Department of Structural and Computational Biology, Max Perutz Labs, University of Vienna, Vienna A-1030, Austria.
Department of Structural and Computational Biology, Max Perutz Labs, University of Vienna, Vienna A-1030, Austria
Proc Natl Acad Sci U S A. 2020 Mar 17;117(11):5907-5912. doi: 10.1073/pnas.1911203117. Epub 2020 Mar 3.

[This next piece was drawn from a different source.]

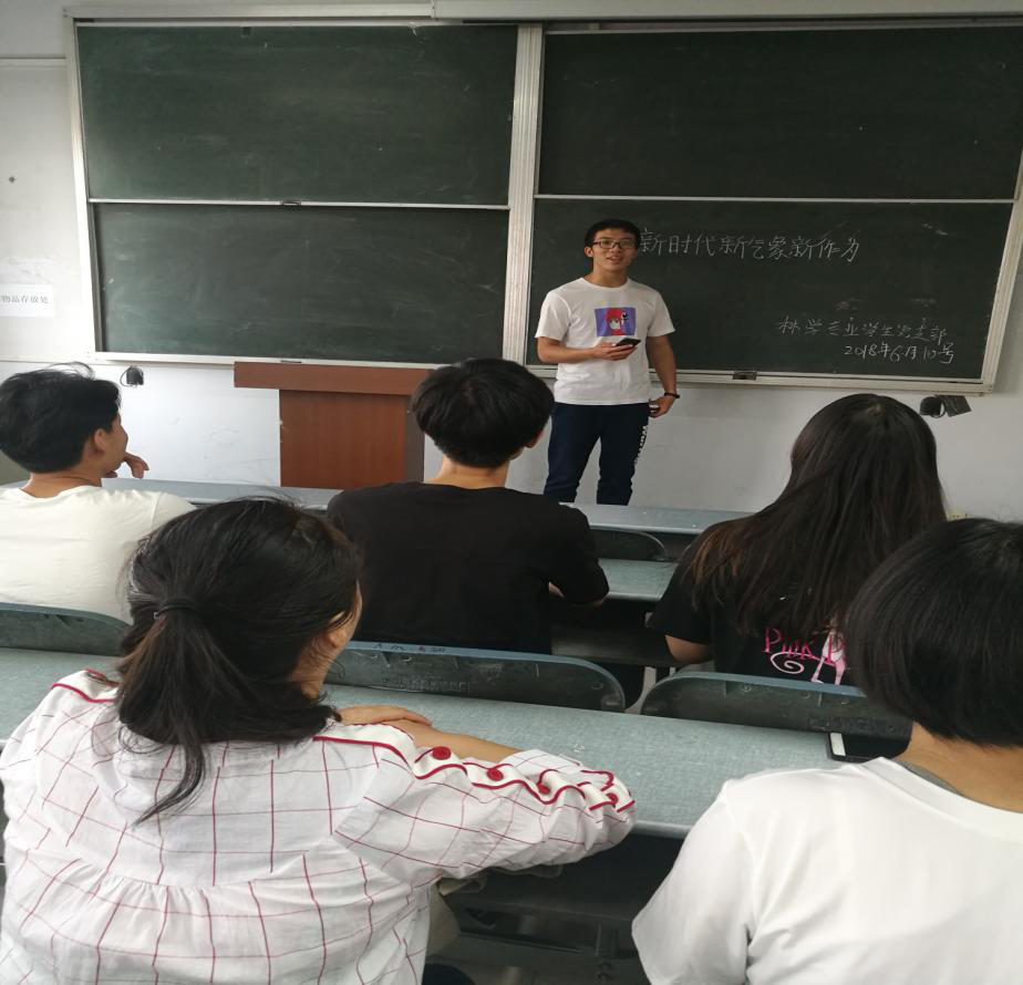 6月10日,林学专业学生党支部召开了以“新时代新气象新作为”为主题的党日活动。通过对习近平主席讲话的学习,深刻认识到新时代要有新气象,更要有新作为。中国正处于伟大历史转折点.这种内心的感知,让许多人都变得更为自信起来.新时代,新气象、这样的气象,由自信的执改党、自信的中国人民一起书写。作为一名党员更应起到模范带头作用,不断努力前行。

Frameshifts in protein coding sequences are widely perceived as resulting in either nonfunctional or even deleterious protein products. Indeed, frameshifts typically lead to markedly altered protein sequences and premature stop codons. By analyzing complete proteomes from all three domains of life, we demonstrate that, in contrast, several key physicochemical properties of protein sequences exhibit significant robustness against +1 and -1 frameshifts. In particular, we show that hydrophobicity profiles of many protein sequences remain largely invariant upon frameshifting. For example, over 2,900 human proteins exhibit a Pearson's correlation coefficient R between the hydrophobicity profiles of the original and the +1-frameshifted variants greater than 0.7, despite an average sequence identity between the two of only 6.5% in this group. We observe a similar effect for protein sequence profiles of affinity for certain nucleobases as well as protein sequence profiles of intrinsic disorder. Finally, analysis of significance and optimality demonstrates that frameshift stability is embedded in the structure of the universal genetic code and may have contributed to shaping it. Our results suggest that frameshifting may be a powerful evolutionary mechanism for creating new proteins with vastly different sequences, yet similar physicochemical properties to the proteins from which they originate.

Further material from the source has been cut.